A square matrix with positive integers between `1 - N` is a magic square if the sums of the numbers in each row, each column, and both main diagonals are the same. For example, the `3x3` magic square shown below has the sum of 15 for each row, column, and two diagonals. The size sometime is called its `order`.

```python
    2 7 6
    9 5 1
    3 4 8
```

The concept of the 3x3 magic square traces back to ancient China, as early as 650 BCE, documented in the legend of the ***Lo Shu*** (洛书) or the "***scroll of the river Lo***". Legend has it that during an ancient flood in China, King Yu endeavoured to divert the water. During this time, a turtle emerged from the floodwaters, bearing an intriguing pattern on its shell: a 3×3 grid with circular dots of numbers.
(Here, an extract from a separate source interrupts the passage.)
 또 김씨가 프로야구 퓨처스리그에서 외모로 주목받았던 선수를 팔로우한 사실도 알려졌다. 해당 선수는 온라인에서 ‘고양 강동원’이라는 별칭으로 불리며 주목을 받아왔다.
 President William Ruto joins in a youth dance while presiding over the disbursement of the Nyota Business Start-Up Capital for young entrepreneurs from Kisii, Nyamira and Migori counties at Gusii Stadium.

The arrangement was such that the sum of numbers in each row, column, and diagonal equalled the magical number 15, as shown below.


![Luo Shu](https://upload.wikimedia.org/wikipedia/commons/e/e2/Magic_square_Lo_Shu.png)
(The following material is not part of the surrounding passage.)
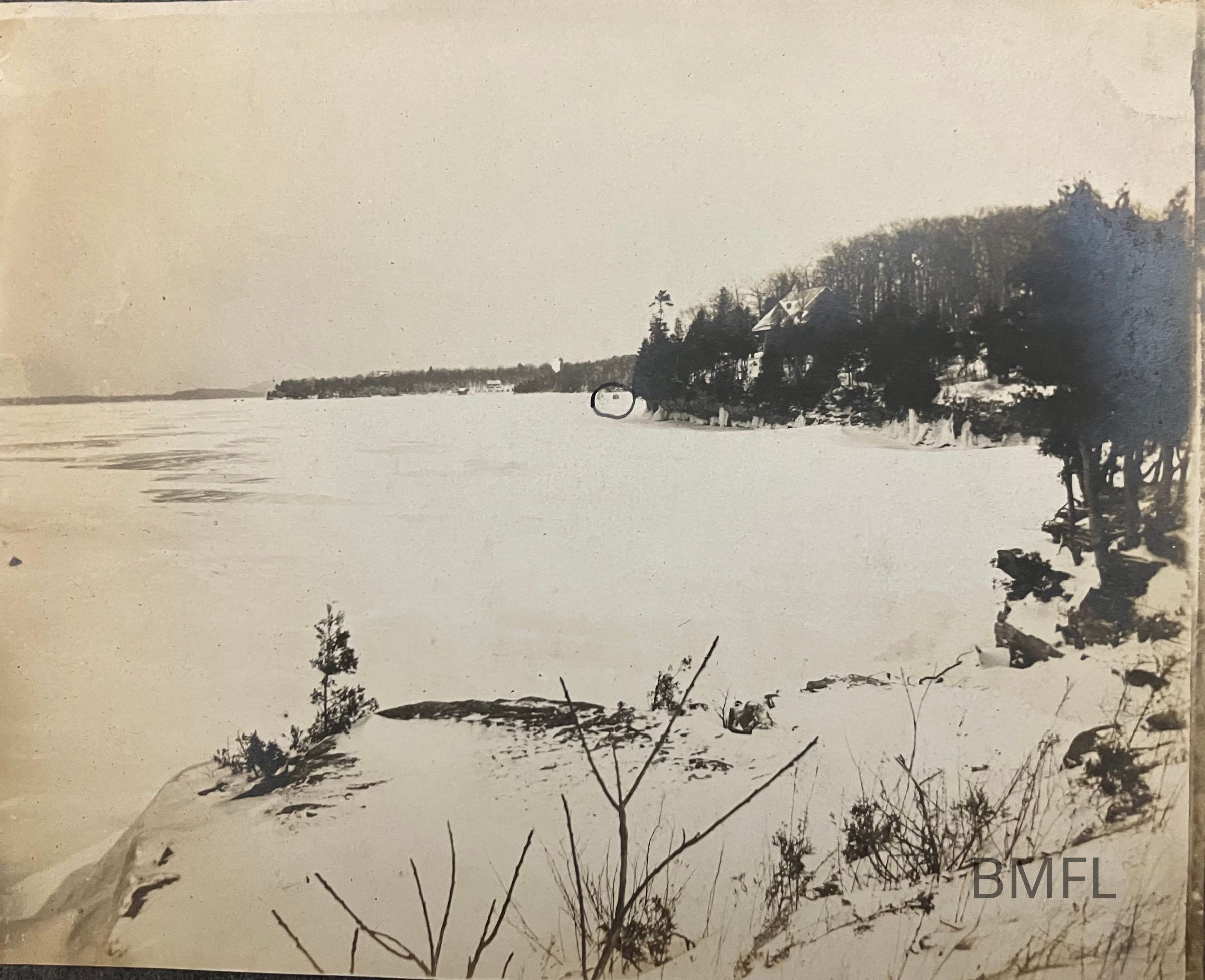 Frozen, now-covered Lake Champlain with a dot -- an ice shanty--in the distance that has been circled with a pen.Photograph Details

Chinese mathematicians were familiar with the third-order magic square as early as 190 BCE. This marks the earliest recorded instance of a magic square in human history.

Create a function that returns the magic square of given size `N`. The `sum` or the *magic number* `M` can be calculated using the equation: 

```latex
M = n(n^2+1)/2
```

In [None]:
%%time 

def magic_square(n):
    ''' generate a magic square of size n with magic number n(n^2+1)/2
        return empty matrix if n < 2 
    '''

    # YOUR CODE HERE
    
    return np.array([[2,7,6],[9,5,1],[3,4,8]])

# show the magic square
N = 3
m = magic_square(N)
print_data(m)

## Task 5: Plotting the Monte Carlo `pi`

[Top](#top)

Using `matplotlib` to simulate the calculation of `pi` using Monte Carlo method. This is a very simple mathematical process so you can focus on the plotting capabilities of `matplotlib`. 

![Monte Carlo Calculation of PI](https://upload.wikimedia.org/wikipedia/commons/thumb/d/d4/Pi_monte_carlo_all.gif/406px-Pi_monte_carlo_all.gif)

In [None]:
%%time

# YOUR CODE HERE

# <a id='toc6_'></a>[Note](#toc0_)

No submission is required for this workshop.